Efficient Electron Injection from Acyloin-Anchored Semisquarylium Dyes into Colloidal TiO2 Films for Organic Dye-Sensitized Solar Cells

Abstract

Semisquarylium dyes use a novel acyloin anchor group to strongly bind to TiO2 semiconductors. Efficient acyloin anchor mediated electron injection into nanocrystalline TiO2 is demonstrated, allowing highly efficient dye-sensitized solar cells with IPCEs > 80%. The acyloin anchor can thus be viewed as a true alternative to the standard carboxylic acid anchor group.
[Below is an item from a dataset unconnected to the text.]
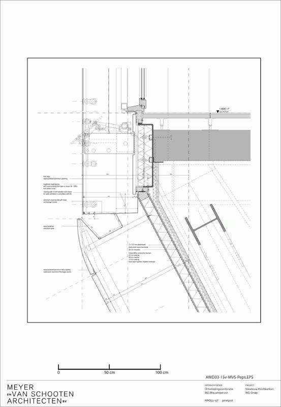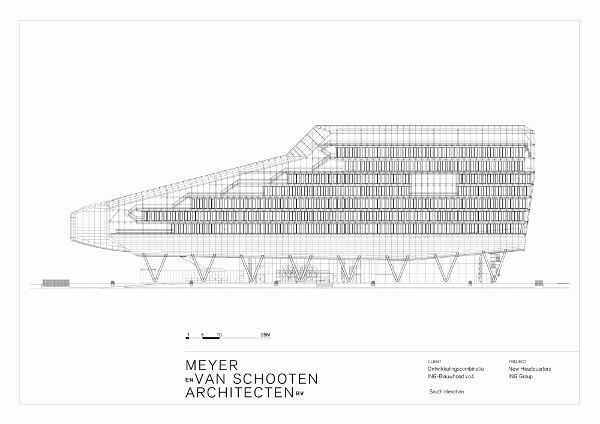 ING集團的總部位于阿姆斯特丹A10號環(huán)形公路南段路邊的一塊狹長(cháng)的地塊上。地塊一側是該市著(zhù)名商業(yè)區South Axis,另一側是環(huán)繞著(zhù)Nieuwe Meer(新湖)的綠地,建筑物在面對綠地一側保持低矮的體量,懸挑結構中是大禮堂,而在面向城市一側抬高。

The opto-electronic and electron injection properties of the most basic semisquarylium dye SY404 are compared to the modified semisquarylium dye DD1 and the carboxylic acid anchored indoline dye D131 using a combination of ultrafast and photoemission spectroscopy. For SY404, ultrafast injection times of ∼50 fs are found despite a small energetic driving force between dye excited states and TiO2 conduction band minimum. This is possible due to the strong electronic coupling of the semisquarylium dyes to the TiO2 surface mediated by the acyloin anchor. For a better overlap with the solar spectrum, the semisquarylium dyes are modified by substitution with a larger donor moiety (DD1). While for DD1 the overall absorption increases, the injection process slightly slows down; however, it still proves fast enough for very efficient injection. Compared to the carboxylic acid anchored indoline dye D131, the SY404 dye injects more than seven times faster despite a ∼150 meV smaller driving force.